◆ Problem requirements ◆
Nothing outside the lines below from the one containing "Le facteur de" through the one containing "通過拽動手拉鏈條帶動手拉鏈輪" is to be printed; print those exactly, ends included, and drop the pictures.

◆ Given records ◆
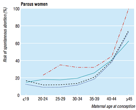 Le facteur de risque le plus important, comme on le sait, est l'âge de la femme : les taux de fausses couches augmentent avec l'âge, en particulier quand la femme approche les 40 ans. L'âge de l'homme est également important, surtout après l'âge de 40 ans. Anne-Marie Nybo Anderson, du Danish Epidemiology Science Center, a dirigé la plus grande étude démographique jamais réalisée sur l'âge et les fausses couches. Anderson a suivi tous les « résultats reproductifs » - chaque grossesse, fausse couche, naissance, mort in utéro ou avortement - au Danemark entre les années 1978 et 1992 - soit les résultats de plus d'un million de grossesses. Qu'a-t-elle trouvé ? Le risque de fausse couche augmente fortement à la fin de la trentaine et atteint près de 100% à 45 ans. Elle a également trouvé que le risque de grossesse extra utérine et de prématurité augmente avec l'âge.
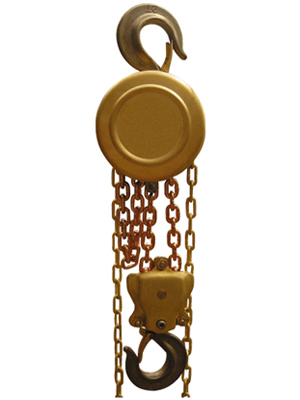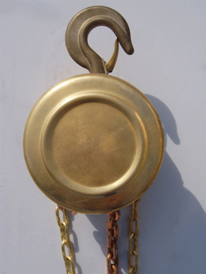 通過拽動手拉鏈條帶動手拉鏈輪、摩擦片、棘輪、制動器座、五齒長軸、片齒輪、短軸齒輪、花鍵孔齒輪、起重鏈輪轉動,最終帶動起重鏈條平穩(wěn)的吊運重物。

...

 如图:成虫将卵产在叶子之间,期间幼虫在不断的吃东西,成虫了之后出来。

◆ Result of this exercise ◆
 Le facteur de risque le plus important, comme on le sait, est l'âge de la femme : les taux de fausses couches augmentent avec l'âge, en particulier quand la femme approche les 40 ans. L'âge de l'homme est également important, surtout après l'âge de 40 ans. Anne-Marie Nybo Anderson, du Danish Epidemiology Science Center, a dirigé la plus grande étude démographique jamais réalisée sur l'âge et les fausses couches. Anderson a suivi tous les « résultats reproductifs » - chaque grossesse, fausse couche, naissance, mort in utéro ou avortement - au Danemark entre les années 1978 et 1992 - soit les résultats de plus d'un million de grossesses. Qu'a-t-elle trouvé ? Le risque de fausse couche augmente fortement à la fin de la trentaine et atteint près de 100% à 45 ans. Elle a également trouvé que le risque de grossesse extra utérine et de prématurité augmente avec l'âge.
 通過拽動手拉鏈條帶動手拉鏈輪、摩擦片、棘輪、制動器座、五齒長軸、片齒輪、短軸齒輪、花鍵孔齒輪、起重鏈輪轉動,最終帶動起重鏈條平穩(wěn)的吊運重物。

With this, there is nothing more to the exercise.